The Gaza Strip is a 140-square-mile area in the southwest of Israel that borders the Mediterranean Sea and Egypt, has a population of approximately 2 million people, and is controlled by Hamas. Hamas is an Islamist political movement that starkly rejects the existence of Israel and allows military force to achieve “the full and complete liberation of Palestine, from the river to the sea.”
Hamas beat Fatah in the 2007 Palestinian parliamentary elections. After this, Hamas seized independent control of the Gaza Strip from the Palestinian Authority and has controlled it ever since.

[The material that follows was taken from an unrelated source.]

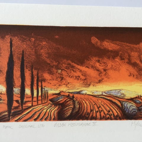 Fint litografi av Myhre selges kr. 250,- Motiv 14,5x10 cm Ark 19x15cm. Kan sendes om kjøper betaler porto.

To threaten Hamas, Israel then enforced a blockade of goods and other resources into Gaza, which stretched into ten years of conflict. During that time, Gaza has seen violence between Palestinian and Israeli forces regarding ownership of the land. These conflicts resulted in thousands of civilian casualties and poorly-maintained, overcrowded refugee camps in Gaza, which are often referred to as “open-air prisons.”
Hamas representative Saleh al-Arouri said that the agreement between Hamas and Fatah was necessary to “advance the unity of [the Palestinian people] and reach our hopes and aspirations.”
Mahmoud Abbas, the President of the Palestinian National Authority, is expected to increase electricity to civilians in Gaza, and will visit within the next month—his first time there since 2007.
While similar claims of agreement between Hamas and Fatah have fallen through in the past few years, Palestinians hope that this initial step will result in a unified state for Palestine in the future.